Canadian LNG ‘Poised To Take Off’
The Gulf Coast has expansions and greenfield projects nearing completion. In British Columbia, Canada’s first LNG export project is set to debut as the Shell plc-led LNG Canada project begins sending cargoes to Asian markets.
Canadian gas exports are “poised to take off,” Sharma told the LDC audience. The WCSB could provide “6-7 Bcf/d of export capacity by decade’s end.”
The Canada gas export queue includes two greenfield projects underway, Cedar LNG and Woodfibre LNG. Preliminary work on the floating Ksi Lisms LNG Ltd. project is advancing toward a final investment decision. And LNG Canada is proposing an expansion.
“Unlike in the Lower 48, there’s been no significant pullback in production,” Sharma noted.
“Receipts hold steady” on TC Energy Inc.’s NGTL System, which moves most WCSB gas. “Rigs have declined,” but there are “still 120 wells completed monthly.”
Canadian E&Ps working in the gassy Montney Shale have barely budged as lower prices have roiled the U.S. gas markets.
“I think it boils down to three main things,” Sharma explained. First, the Montney’s breakevens are some of the lowest in North America.
“Second, there’s a lot of liquids-weighted production in the Montney,” he said.

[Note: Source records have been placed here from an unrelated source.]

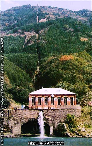 この深水発電所が製紙工場に電力供給をはじめたのは大正10年のことである。最大出力は880kwになっているが、年間平均出力は560kwと非常に小さなものだ。心臓部の水車と発電機は、運転開始の大正10年から更新されることなく昭和63年まで使用された。これら発電所内部の機器設備は、現在も煉瓦造りの建物の中で静かに眠り続けている。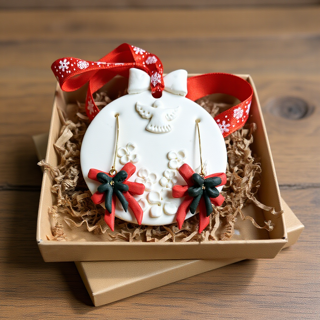 Roku darbs Ziemassvētku auskari no dubultas bantītes sarkanā un zaļā krāsā, rota - kas radīta svētku laikam un siltajām sajūtām. Auskari ir veidoti no polimērmāla – viegls, elastīgs un neplīstošs materiāls, kas nebaidās no kritieniem. Sargāt no skrāpējumiem.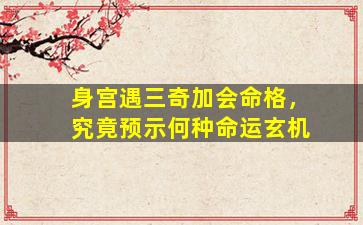 在紫微斗数中,“身宫遇三奇加会”是一种较为特殊的命理格局,通常指身宫同时会照到“禄、权、科”三颗吉星(即化禄、化权、化科)。这种格局往往被视为大吉之兆,但具体影响需结合命盘整体结构来分析。以下是这一格局的常见解读: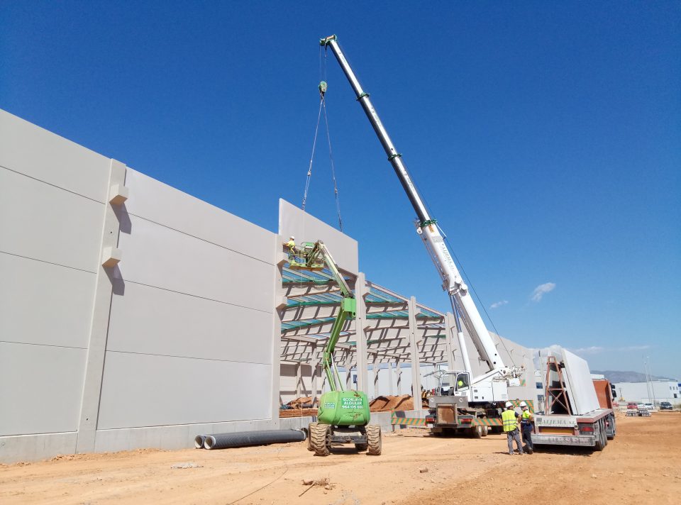 Nave industrial para la fabricación de impresoras industriales en Almazora (Castellón) de 6.880 m² con altura libre de 8,00 m y formada por dos líneas de vigas delta de 22,00 m de longitud. Cerramiento colocado entre los pilares prefabricados.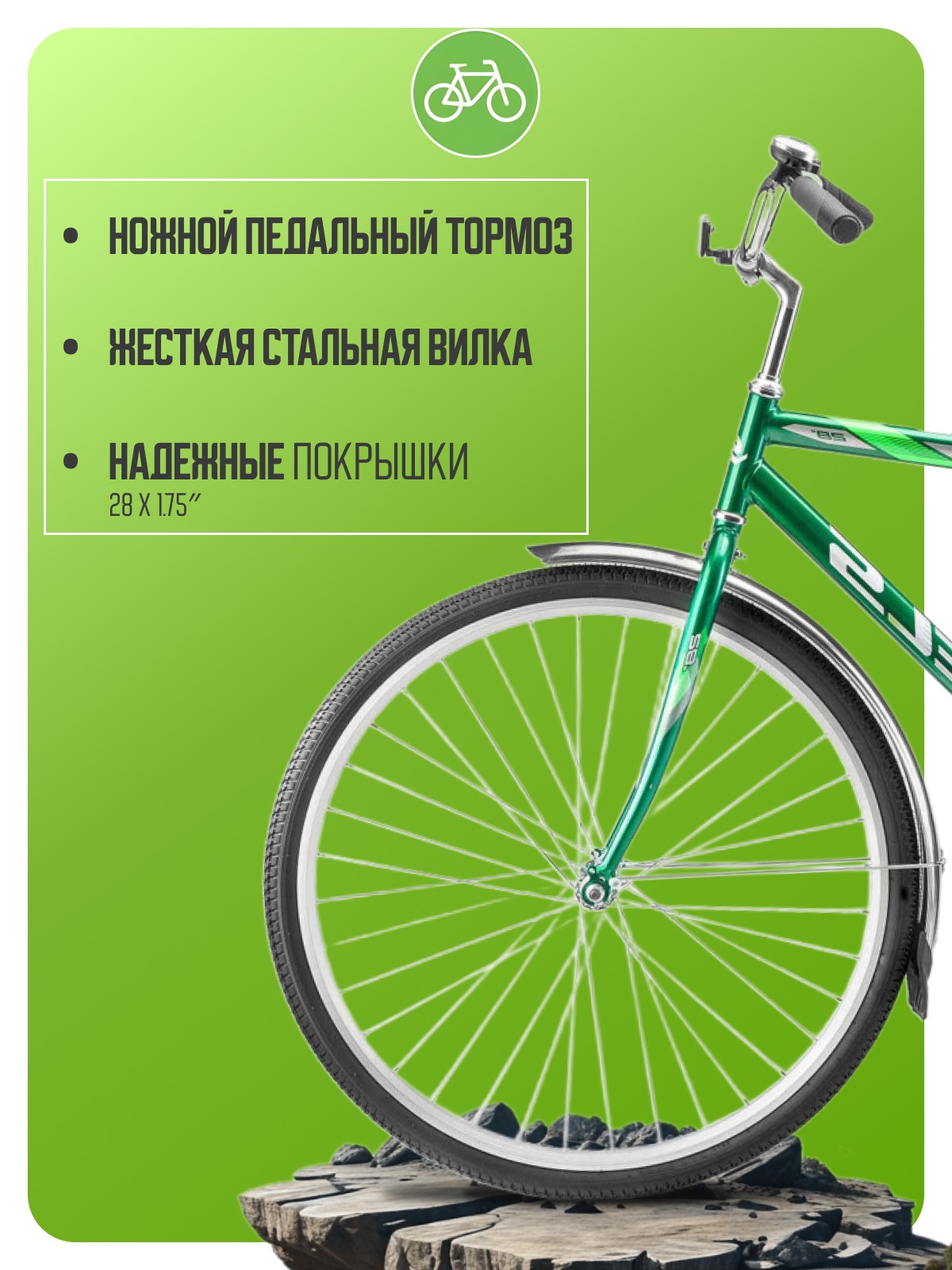 Дорожный велосипед начального уровня без переключения передач. Технические особенности: прочная стальная рама, жесткая стальная вилка, двойные алюминиевые обода, ножной педальный тормоз, защита цепи, длинные крылья, багажник, комфортное седло, звонок, катафоты. Подходит для прогулочной езды по шоссе и ровным проселочным дорогам. Диаметр колес - 28 дюймов. Вес - 17,47 кг.

The natural gas liquids can be sold off, driven by stronger Western Canada Select and West Texas Intermediate oil prices.
The “most important factor,” though, is that the top gas producers, led by Tourmaline Oil Corp., have “a lot of exposure outside of AECO,” Sharma said. “Their realized price is well above what AECO trades at.”
NGI’s NOVA/AECO C averaged at only C$88.0/GJ cents for August, according to NGI’s Bidweek Survey. What’s more, this was up 14.5 cents from the July bidweek price. Prices at the Western Canada benchmark have averaged only 69.6 cents this month to date.
Still, “history tells us to prepare for a volatile market,” Sharma said. There is “no significant basis upside being priced in further out.” The AECO hub “is bursting at the seams…It has only recently started to feel like summer.”
A “slight upside in intraprovincial demand” should come this winter. TC’s Gas Transmission North West XPress Project is eyeing a year-end ramp to expand capacity to around 2.9 Bcf/d from 2.7 Bcf/d.
“That will ease pressure in Alberta,” Sharma said.
The expansion of the Trans Mountain Pipeline (TMX) crude oil conduit, commissioned in May, also will help the gas markets. TMX moves heavy oil from the oilsands developments to export markets. Western Canada’s biggest user of natural gas is the oilsands sector.
“The start up of TMX, along with a bullish oil market, will lead to growth in industrial gas demand in the oilsands,” Sharma said.
Meanwhile, there has been a “ton of migration” to Alberta. As in the Lower 48, there’s also a lot of talk in Calgary about building data centers to house artificial intelligence. That will take some gas generation, Sharma said.
“TMX could lead to 0.5 Bcf/d gas demand,” the NRG expert said. Data center load growth, queued up to begin operation by 2030, could require 3 GW in the WCSB.
“It’s not huge like the Lower 48, but it’s not nothing.”